The elevation of this bluff is the same height as the Laceywood Bluff and therefore is blocked from a view of Downtown Dallas. No formal trail exists that I know of. This is an orphaned section of bluffs that extend along the east side of Jim Miller from Scyene to Bruton. The road cut for Jim Miller bisected the rock feature here and left the eastern sections cutoff from the rest. I have wandered around some south of Gateway Park on the east side of Jim Miller and have not found much of note.
Many of the larger trees along Oak Creek in a residential neighborhood that back up to Gateway Park pre-date pioneer settlement of Dallas County. A recent postmorteum was done on a felled oak tree in the 2200 block of Santa Cruz. The Post Oak was dated at 134 years old with a radius of 11.99 inches.
|Piedmont Ridge Overlook|
The most well established, easiest to follow and best maintained trail in this area is the Piedmont Ridge Trail that stretches from the Grover Keeton Golf Course entrance road, south to Bruton.
Climbing a short set of switchbacks puts one on a flat plateau of exposed remnant blackland prairie and lends itself to open sky views not afforded at other overlooks. Here you can usually see buzzards wheeling the sky, riding the warm thermals created by an ever present southerly breeze. The sweet smell of juniper on the hottest of days can transport one to the scrub of the Llano Estacado without ever leaving the city limits.
It’s a place where the old settlers mule teamed plows found the rocky ground to thin to work and their cattle found too steep to venture. Left to their own devices the old growth red oaks in this section of trail are most likely antique in age living prolonged sheltered lives of bourgeois pride on the limestone.
|Devon Anderson Park|
The cryptic entrance to Devon Anderson’s trail near Bruton Road has cut many a hike short through the frustration of not being able to find it. Roughly 50 solid paces east from the DART ROW fence along a Chinese Privet hedgerow, the opening can be tough to find. The trail climbs through matted privet and up short sets of switchbacks to tree canopied sets of ridges and steep gullies.
|The Half Mile Overlook|
Intertwined behind a couple modular looking cul-de-sac’ed neighborhoods the trail runs north to south from Bruton to Eastcliff. There are two or three vantage points in Devon Anderson where one can see Downtown Dallas. Steep and off camber in most areas the trail does not lean well towards someone on a bike. More pushing than riding eighty percent of the time it’s best traversed on foot.

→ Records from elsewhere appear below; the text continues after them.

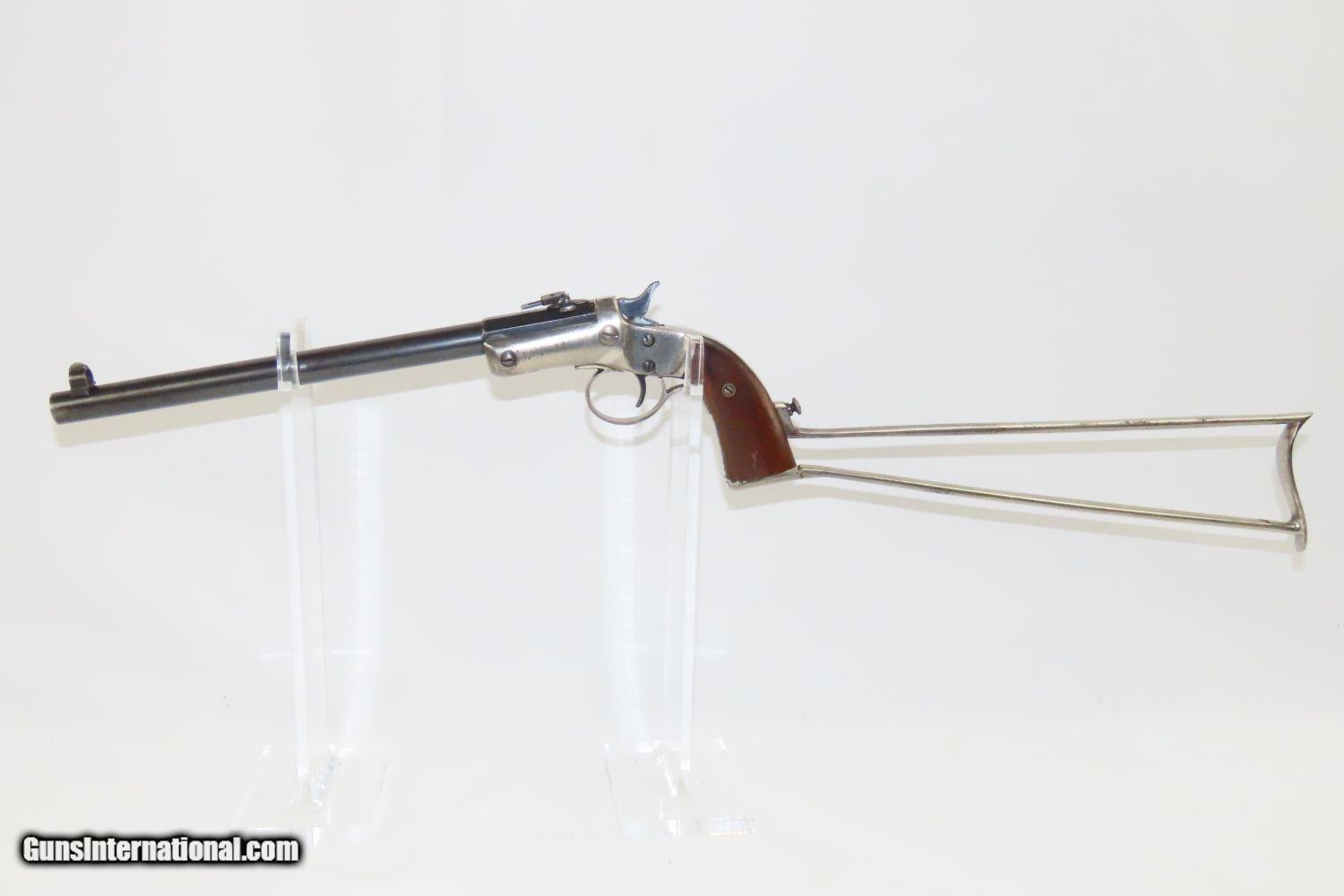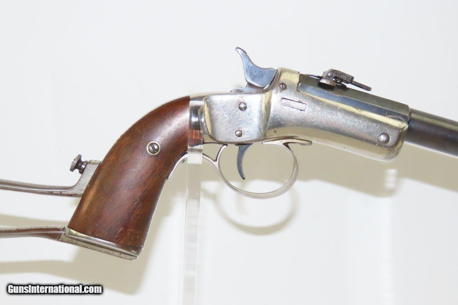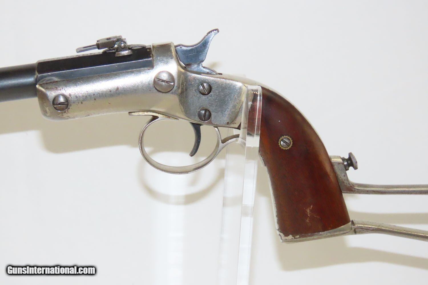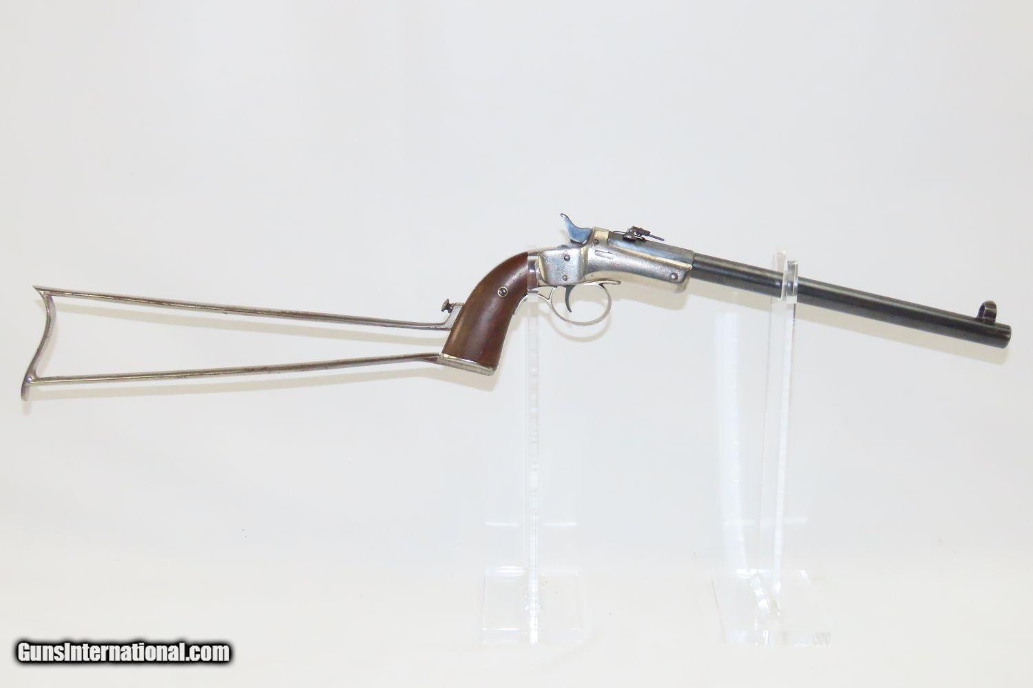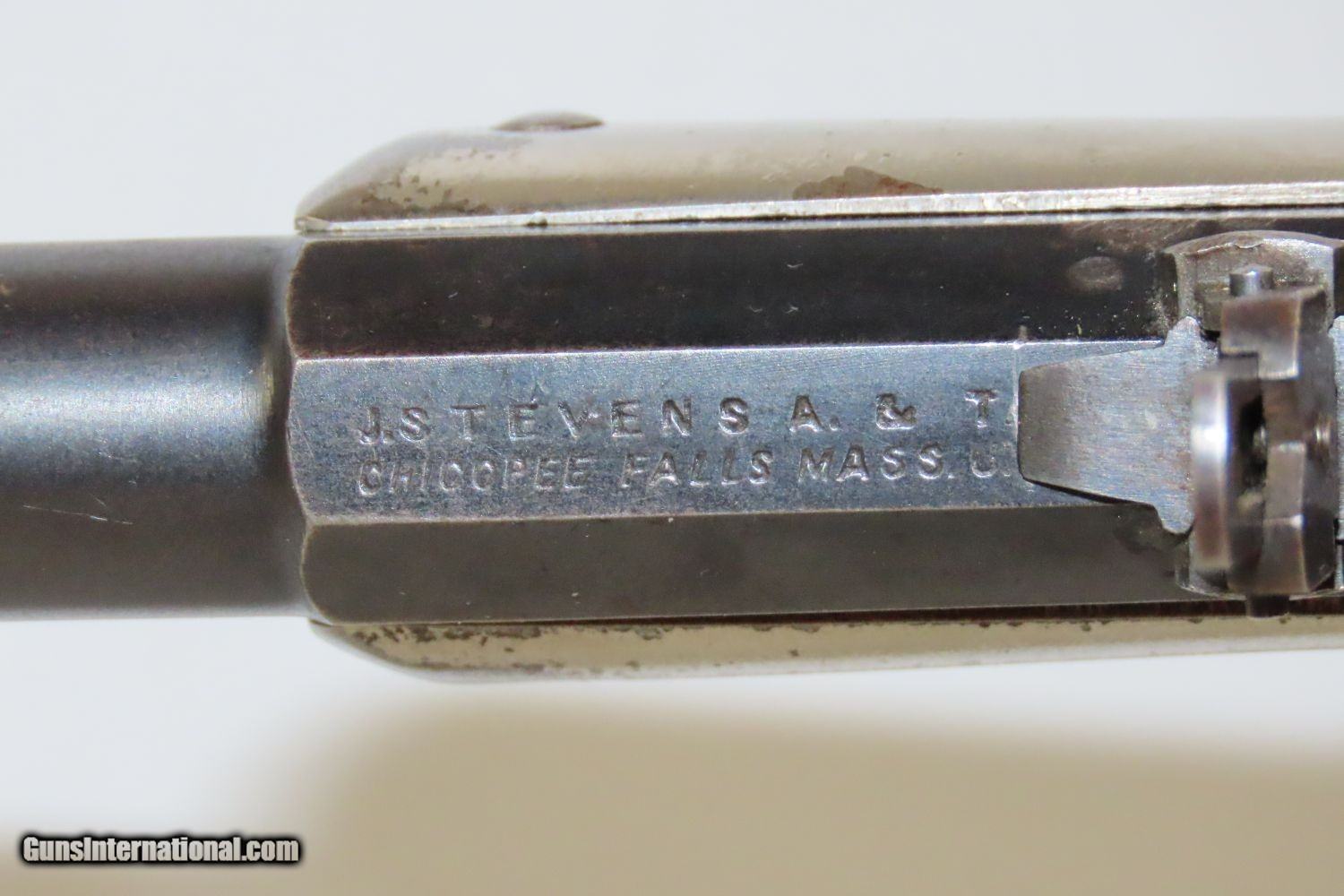 Description: LONG-BARRELED J. STEVENS ARMS Company New Model Number 40 POCKET RIFLE C&R Single Shot with Matching Number Shoulder Stock! Here we present a J. Stevens Arms Company New Model Number 40 Pocket Rifle, manufactured around the turn of the century in Chicopee Falls, Massachusetts. About 15,000 of these pocket rifles were produced between 1896 and 1916. This pistol was considered one of the most accurate target pistols of the day and comes with the original matching numbers attachable wire stock. It features a 10-inch bull barrel and a weighted pommel for balance. The action is single action only with a crisp trigger. The overall condition is fine. The action is strong. The bore is nice and bright with sharp rifling. The numbers on the frame and stock match. Here is a very nice Stevens pocket rifle to collecting or to display. This firearm is classified as a Curio & Relic. Barrel is 10 inches. Caliber: .22 Rimfire Overall condition as seen in photos. Very Fast. Very Safe. FREE SHIPPING. Will need to be sent to your local FFL or C&R licensee. This firearm is classified as a Curio & Relic. Guaranteed AUTHENTIC & Includes CERTIFICATE OF AUTHENTICITY. ancestryguns $1350 #20481 SOLD Curio/Relic: Yes |
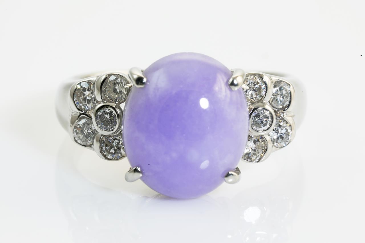 5.80ct Lavender Jade and Diamond Ring
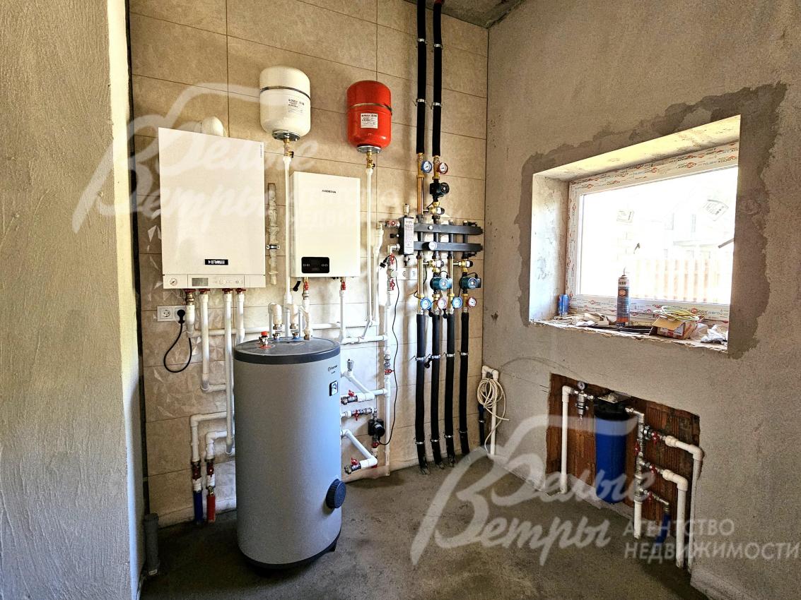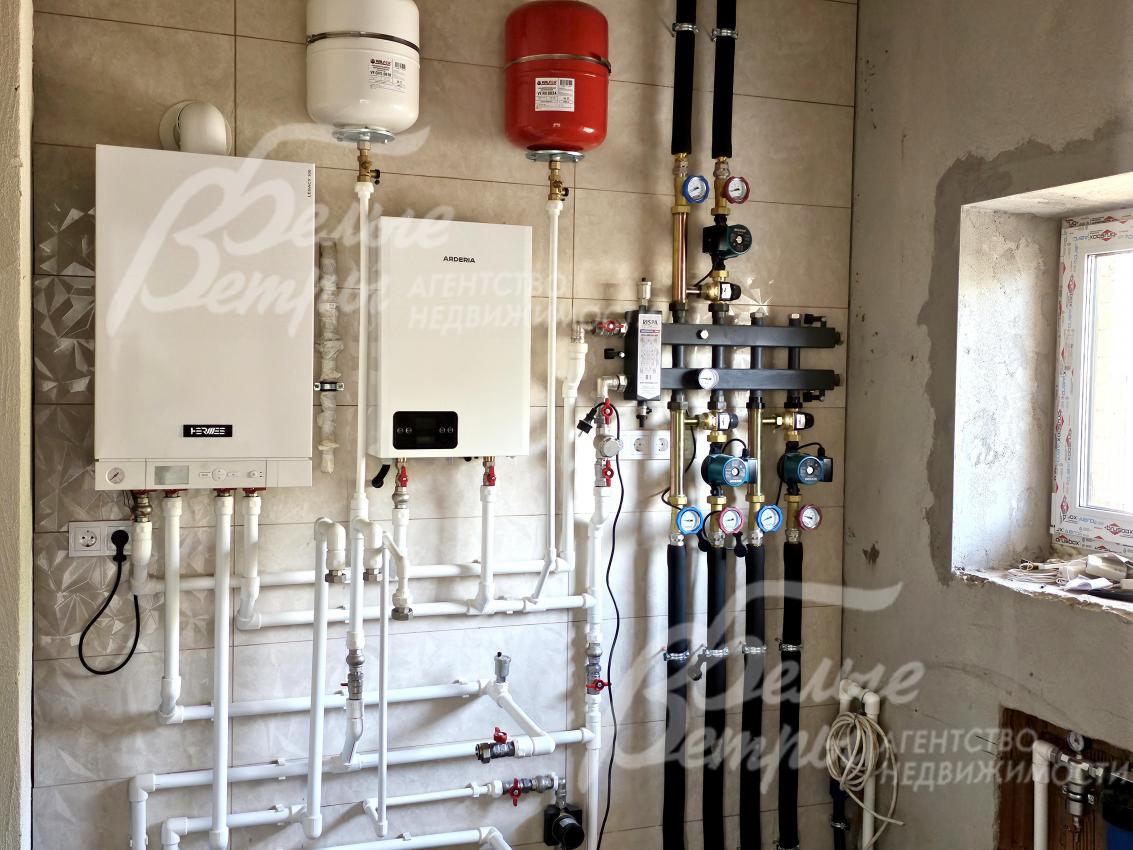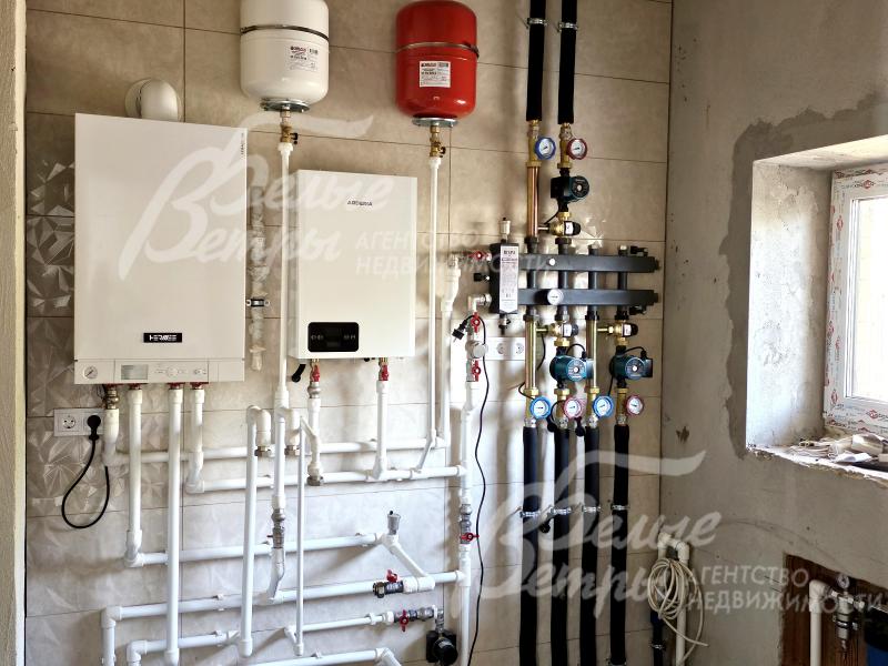 Инженерное обеспечение: заведены вода, электричество и газ, электрика и мокрые коммуникации (мокрые зоны) разведены до точек. Отопление – через газовый настенный котёл Viessmann Vitopend 100 (также есть резервный электрический котёл): обвязка из металлопластика. Горячее водоснабжение – через накопительный бойлер. Есть система грубой очистки воды
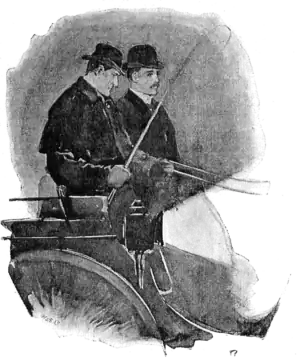 "Now, Watson," said Holmes, as a tall dog-cart dashed up through the gloom, throwing- out two golden tunnels of yellow light from its side lanterns. "You'll come with me, won't you?"
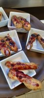 Pour créer les yeux maléfiques grâce aux emporte-pièces, il fallait de la patience car nous devions couper un disque de mozzarella puis ajouter par-dessus un disque plus petit d’olive noire.
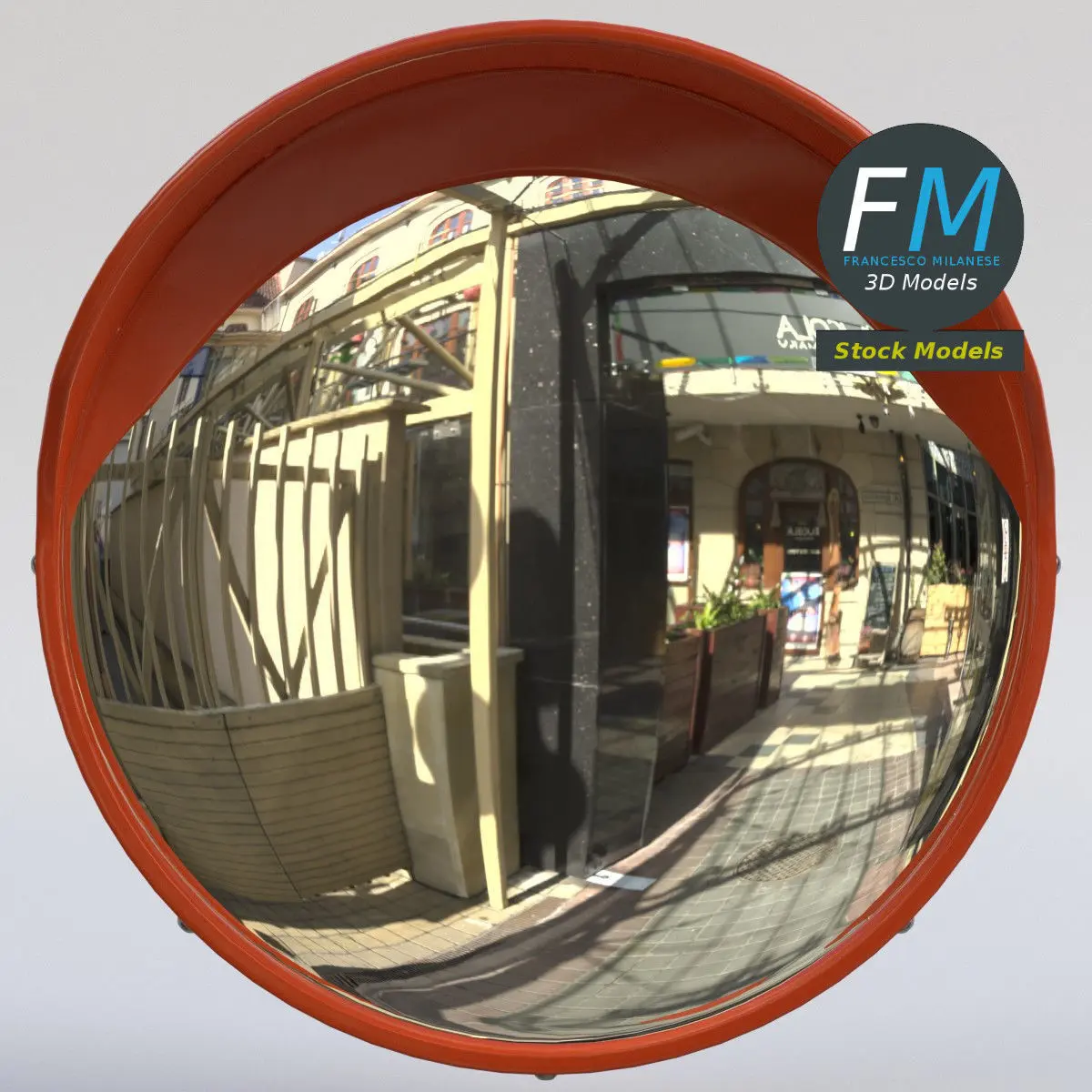 Blind spot traffic mirror 3D Model (driveway mirror, convex mirror, road mirror), for streets, garages, stores, parking lots, warehouses, supermarkets, driveways, ... Nr. 2 in my collection. The bolts are in a different object, so you can easily remove them to lower the poly count. Production-ready 3D Model, with PBR materials, textures, non overlapping UV Layout map provided in the package.Quads only geometries (no tris/ngons).Easily customizable: UV unwrapped geometries; UV Layout maps provided in the package as png with alpha images.Each Object, Material or Texture provided in the package has a unique, meaningful name.Made in Blender 3.3 with Cycles Principled BSDF PBR shader with textures included (Eevee compatible), then exported to OBJ and FBX; materials and textures made in Substance Painter (Adobe 3D Painter), exported for PBR, Cycles, V-Ray, Unity, Unreal.PROMO IMAGES: the first image has been rendered in Cycles for Blender; in particular, you can find 11+ promo images in this description:

The wooded trail opens up into an open wildflower meadow near the trailhead junction of the overlook trail and Comanche Storytelling Place trail. The Devon Anderson Meadow is set afire from time to time by what are probably neighborhood youth. It burned down at least twice in 2012 that I know of. The coming spring will tell the tale of what ancient fire DNA lives in the seeds in the ground here.
|Comanche Storytelling Place|
The Comanche Storytelling place serves as a prominent anchor to the southern end of the trails here. Beyond are steep root strewn gullies that lead nowhere. The Storytelling Place is something of a conundrum. The Comanche people named this natural ampitheater as a holy place in the late 1990s after a brief visit to an Indian Marker Tree that once stood in Gateway Park. The Comanche had no written language and used parables told orally to explain their people’s history. Parables like those of the seasons, the animals and planets all played a forefront role in Comanche lifestyle. The Storytelling Place combines a few of these elements including the cedar, limestone and elevation required for Comanche holy spot. Here under the fragrant decay of fresh fallen leaves one could imagine a small Comanche band retelling old animal stories before a fall hunt.